Apparently nobody is openly posting about what is probably one of the most interesting aspects of this announcement. “...Wireless Train Control, patent pending”. I fully support the right for someone(s) to protect their investment in (and profit from) a new and novel idea(s) that are patentable.

But the parse “patent pending” seriously discourages others form working to provide similar capabilities until they can identify and assess the pending patent(s). It is an unknown until its number(s) are disclosed. Which in the USA, means that they typically have to wait until the item sells?

In my opinion there is nothing wrong with this, as long as the process is not abused for the purpose of delaying competition. A patent can be pending even if it is not really a patentable idea, or the pending patent can be for a less-than-significant part of the item. I have no reason to believe this is the case. However, I am asking the Hobby community to hold Bachmann/BlueRail accountable if this is turns out to be case in your individual opinion.

*** This whole post is just one person’s opinion! ***
Bob


----------



## fcwilt

Patent certainly can serve a useful purpose.

Unfortunately the US Patent Office does seem to bother to research prior art any longer. 

Just approve the patent and let the lawsuits begin.


----------



## Ron McF

The Bachmann/BlueRailTrains system uses bluetooth for communication between the smart device and the control board, so the best that they could protect would be the proprietary application itself. That would not preclude other manufacturers from developing their own proprietary systems, or from someone such as NMRA developing a 'standard' much as it did with DCC when the various DCC manufacturers looked like taking their own paths.

I see this offering great benefits for people with smaller layouts, and even for beginners, who'd like the advantages of DCC without the upfront cost of a full-blown DCC system. For example, a manufacturer such as Bachmann could sell beginners' sets with locos equipped with a harness socket, to people who want to build that first layout and use their smart device to control it rather than mess around with block wiring or low cost (poor quality) transformer/controllers.

Regards,
Ron


----------



## CTValleyRR

Interesting discussion, but probably not for the reasons most would expect.

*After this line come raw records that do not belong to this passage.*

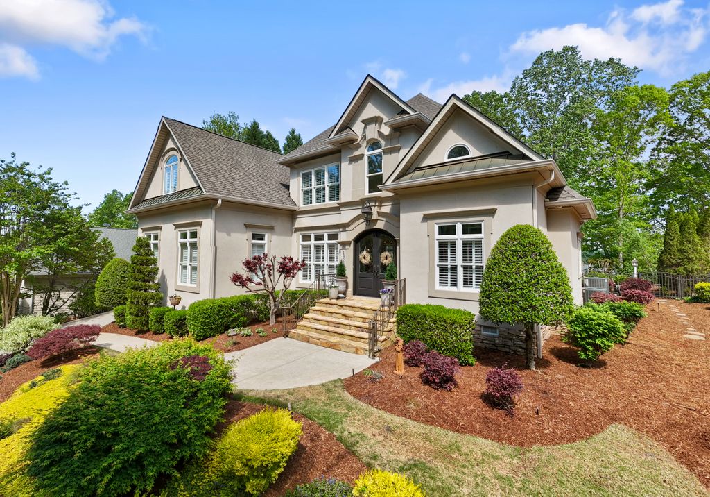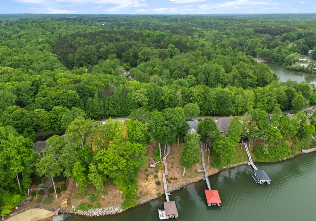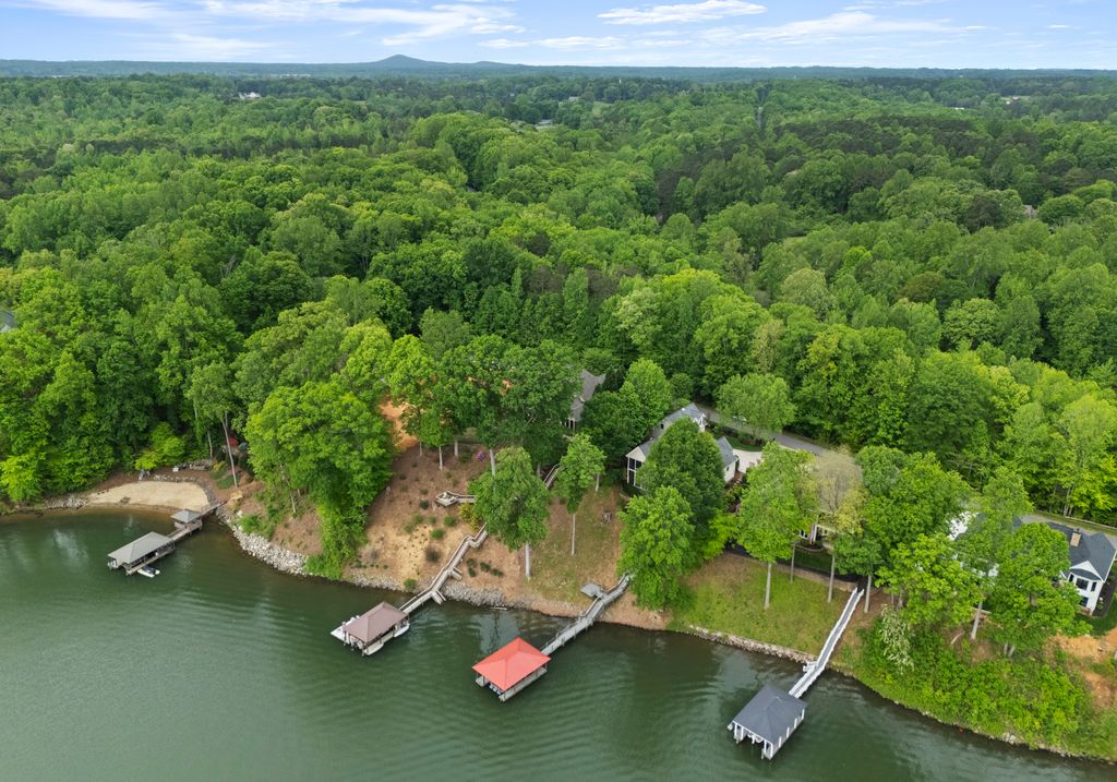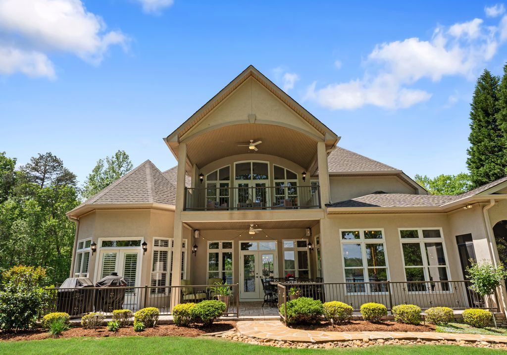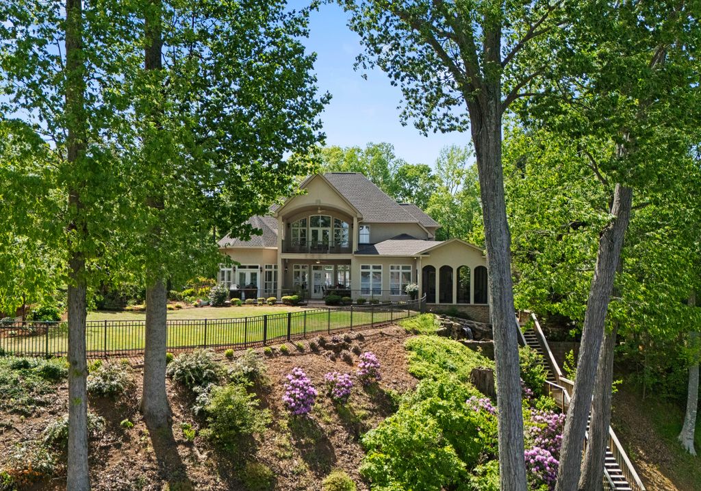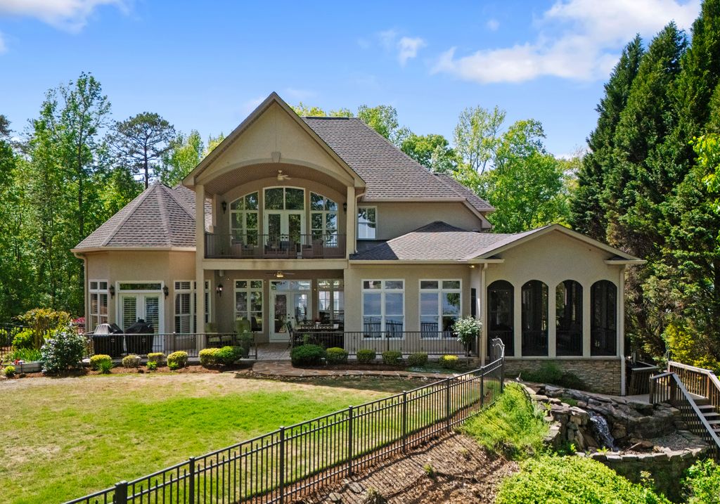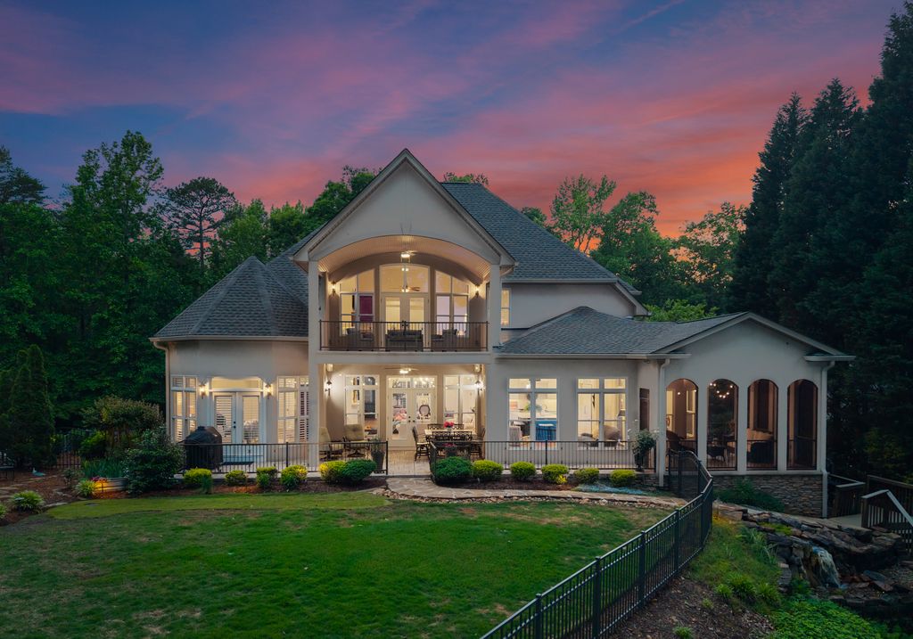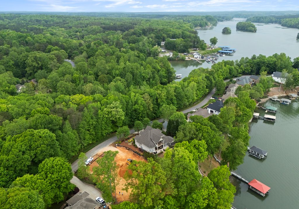 Welcome to Astoria, a private gated enclave of custom waterfront homes, which boasts 40 acres of natural woodlands, 5 miles of walking trails, community garden and a golf cart path to community pier. Just minutes to shopping and restaurants. Enjoy main level living, an open light filled floor plan, gorgeous designer kitchen with a scullery. Whether you are hosting guests on the charming screened porch, enjoying the veranda or taking in the view on your private dock this home is designed for unforgettable lakeside entertaining. This property has a rare flat lakeside yard with room for a pool! You don't want to miss this one!
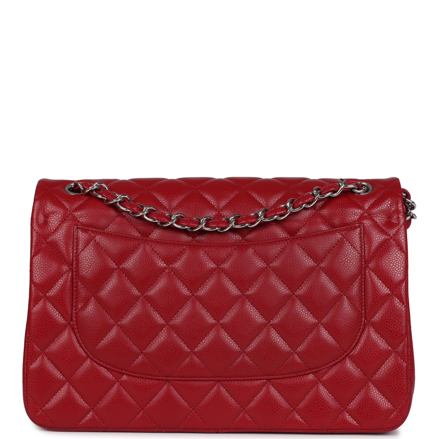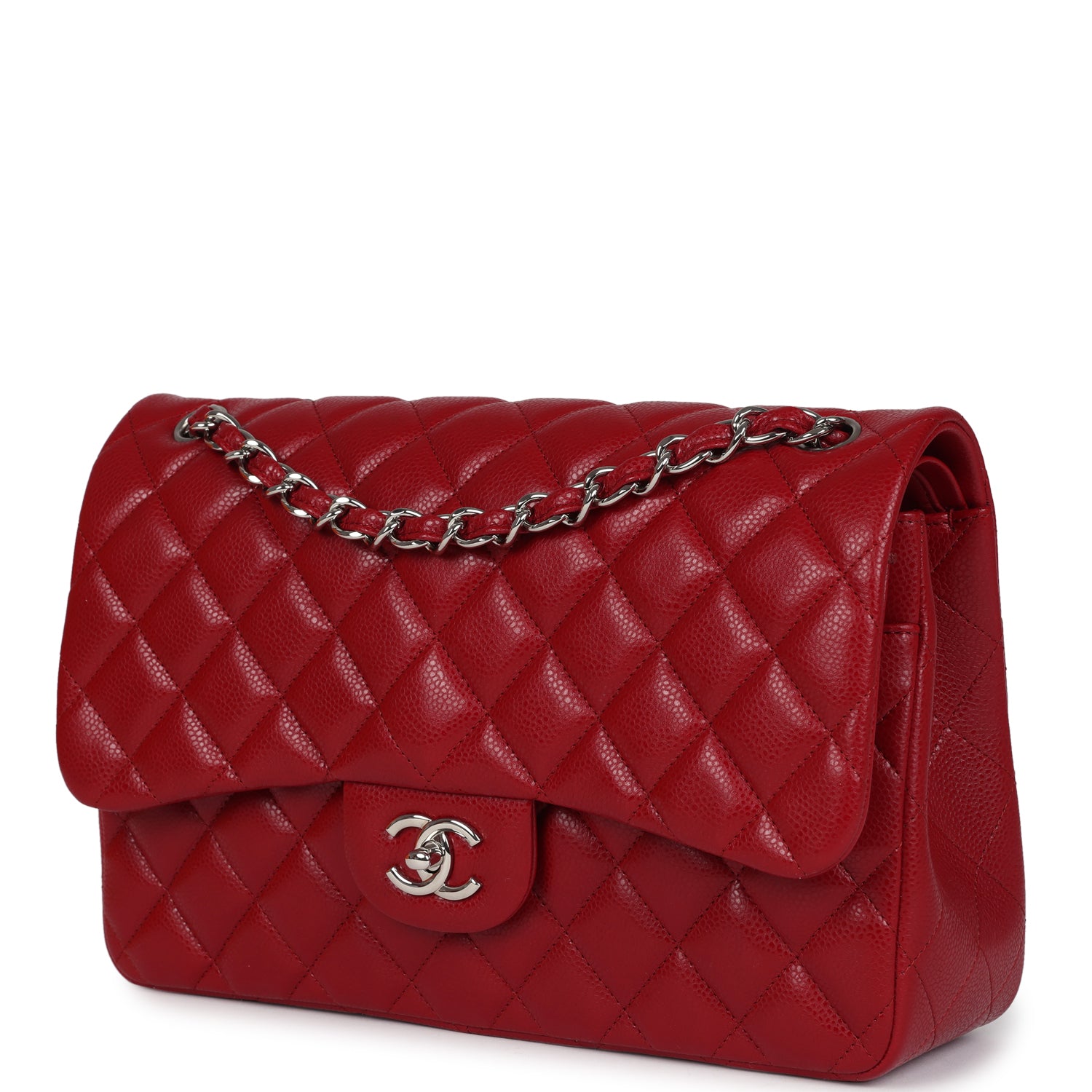 This Jumbo Classic Double Flap bag is in red caviar leather with silver tone hardware and features a front flap with signature CC turnlock closure, half moon back pocket, and adjustable interwoven silver tone chainlink and red leather shoulder strap.
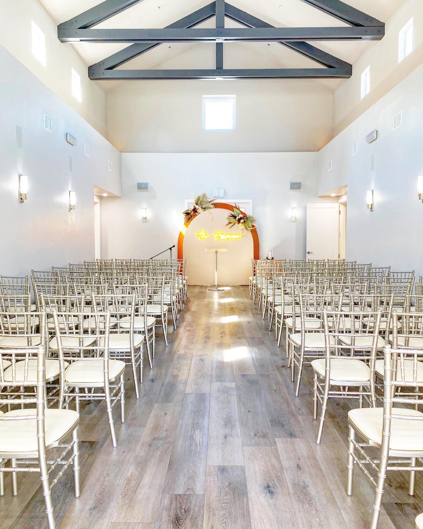 Our beautiful Ceremony Room can accommodate up to 120 guest. Need more space? We can accommodate up to 250 people by using the Reception Room for ceremony services. Our Ceremony Room features 25' vaulted ceilings with exposed rafters, a fully integrated Bose Surround Sound System to handle your music and MC needs, abundant natural light and multi-color backlit lighting for a variety of lighting color options. Beautiful Reception Venue that can accommodate up to 250 people Brides Room stocked with snacks and mini bar, television Grooms Room stocked with snacks and mini bar, television and Xbox. Prep Kitchen Bose Surround Sound System Large Televisions throughout Bistro Lighting Farm Wood Tables Chiavari Chairs

Now granted, for me, this thread got off on the wrong foot because the OP has a financial interest (and failed to disclose it). Also the fact that he sort of spammed it around a couple of other message boards. Notice how he's not participating... just throw the chicken into the gator pen and watch the fun.

I've seen a lot of "what ifs" and "wouldn't it be cool ifs", but no real reason for me to get interested. The only thing that's made sense to me has been the portability argument, and since I don't belong to a club, it doesn't hold any advantages. For me, I just don't see any advantages over my current wireless setup. Why would I want sounds to come from my handheld device when they already, much more realistically, come from the loco. Why would I want to wave my arms like a monkey, argue with imperfect voice recognition technology, or deal with the vagaries of a toch screen when I already have a cab that reponds perfectly to my every input. Do I want to pantomime moving a throttle or throwing a switch? No, I want to sit in my bar stool, poke buttons and turn dials to control my locos, and press buttons on my control panel to route trains like the lazy old fart I am.

I also agree that for this to really grab hold, it needs to be open source and competitive. A patent will stifle innovation and make it hard to break in against the established technology.

So, I'll let you starry-eyed dreamers be the early adopters, and I'll stick with DCC. And for those of you yammering about tje permanence of Bluetooth, well, 15 years ago we were well on the way to a PC on every desk and in every home. Now even laptops are endangered by the waves of smartphones and tablets. And PCs? Well, we still need doorstops.


----------



## RT_Coker

CTValleyRR said:


> ...Notice how he's not participating... just throw the chicken into the gator pen and watch the fun. ...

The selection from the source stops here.